For some reason the print of this code get me this:
AAA
AAA
AAA
AAB
ABC
What can be wrong?
In fact what I'm looking for are two functions to save/restore my struct by indexing several instances:
(Is like to have a struct mystruct[100] but not in RAM stored in EEPROM).
You can define it as a named struct, or a typedef, or both. In my opinion it is better to refer to the type using a typedef (so that it behaves consistently with the standard types and classes) in which case the struct name is redundant and it can be left anonymous. Others may have other preferences.
The code below defines a struct RoutingTableEntry - you can use struct RoutingTableEntry anywhere in your code that needs a type.
// defined as a struct
struct RoutingTableEntry
{
uint8_t dest;
uint8_t next_hop;
uint8_t state;
};
struct RoutingTableEntry myEntry;
The following code defines the struct RoutingTableEntry but also defines a typedef RoutingTableEntry. This means you can use RoutingTableEntry anywhere a type is needed; it is syntactically equivalent to struct RoutingTableEntry. The name of the struct and the typedef don't need to be the same, and some people prefer to make them different.
// defined as a typedef and a named struct
typedef struct RoutingTableEntry
{
uint8_t dest;
uint8_t next_hop;
uint8_t state;
} RoutingTableEntry ;
struct RoutingTableEntry myEntry1; // uses the struct declaration
RoutingTableEntry myEntry2; // uses the typedef
The following code defines the struct without giving it a name (it is left anonymous) and then defines a typedef for it the anonymous struct. This means that you can use RoutingTableEntry anywhere a type is needed.
// defined as a typedef and anonymous struct
typedef struct
{
uint8_t dest;
uint8_t next_hop;
uint8_t state;
} RoutingTableEntry ;
// struct RoutingTableEntry myEntry1; // we didn't name the struct so we can't refer to it
RoutingTableEntry myEntry2; // uses the typedef to refer to the anonymous struct
Hi Peter!
The only way that I fount to get it work is this:
typedef struct RoutingTableEntry
{
uint8_t dest; ///< Destination node address
uint8_t next_hop; ///< Send via this next hop address
uint8_t state; ///< State of this route, one of RouteState
} RoutingTableEntry;
I don't know why but the only way that I can pass the struct at the function call is declaring both times as RoutingTableEntry.

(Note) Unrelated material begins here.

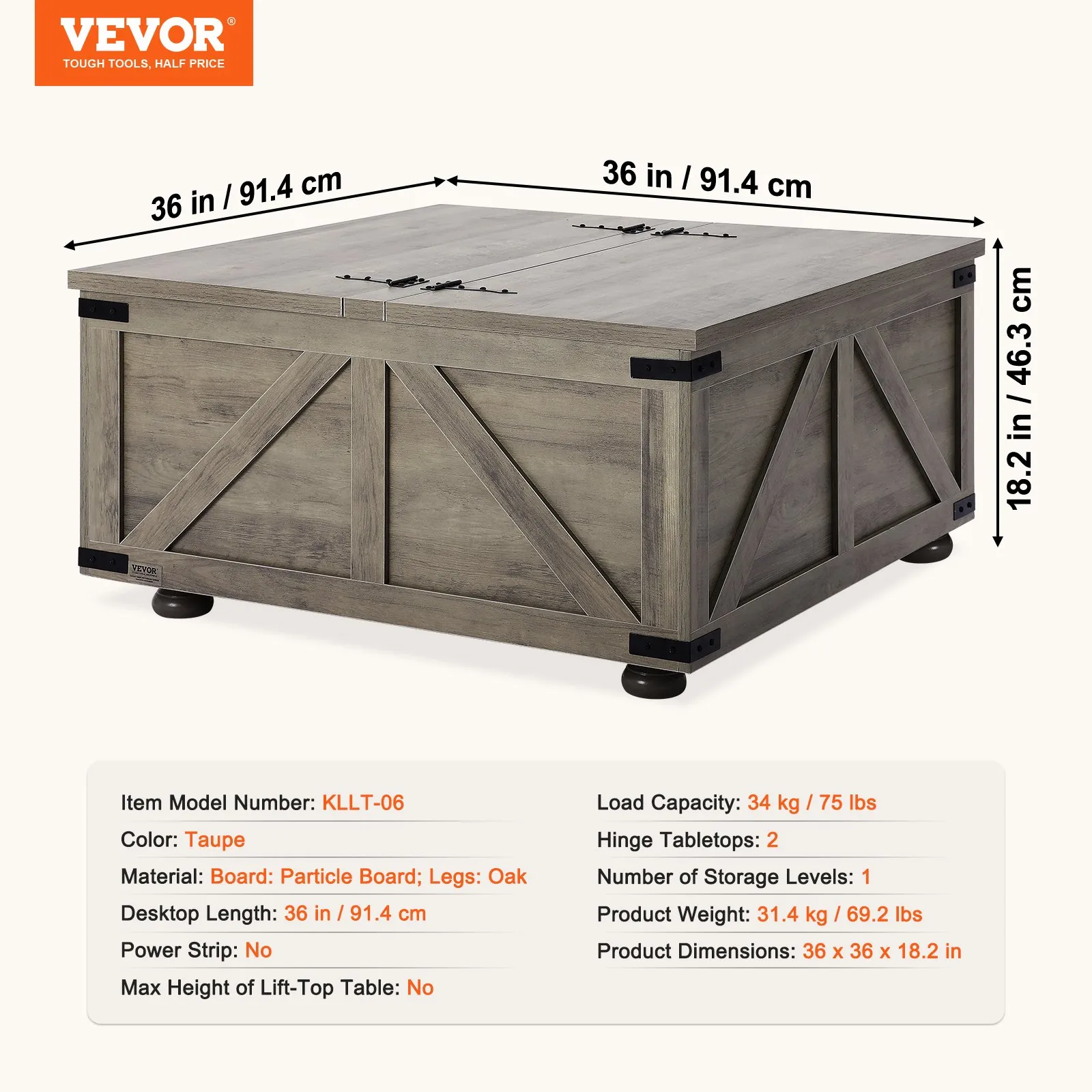 Konferenčný stolík vo farmárskom štýle, 914 mm, štvorcový konferenčný stolík s pántami a veľkým úložným priestorom, rustikálny drevený koktailový stolík do obývačky, spálne, bytu, štúdia

The code is working but it's wrote in the correct way?
I have others lines like this:
uint8_t RF22Router::route(RoutedMessage* message, uint8_t messageLen)
{
// Reliably deliver it if possible. See if we have a route:
uint8_t next_hop = RF22_BROADCAST_ADDRESS;
if (message->header.dest != RF22_BROADCAST_ADDRESS)
{
RoutingTableEntry* route = getRouteTo(message->header.dest);
if (!route)
return RF22_ROUTER_ERROR_NO_ROUTE;
next_hop = route->next_hop;
}
if (!RF22ReliableDatagram::sendtoWait((uint8_t*)message, messageLen, next_hop))
return RF22_ROUTER_ERROR_UNABLE_TO_DELIVER;
return RF22_ROUTER_ERROR_NONE;
}
I think that message->header.dest means that it evaluate the dest variable from the message's header rigth?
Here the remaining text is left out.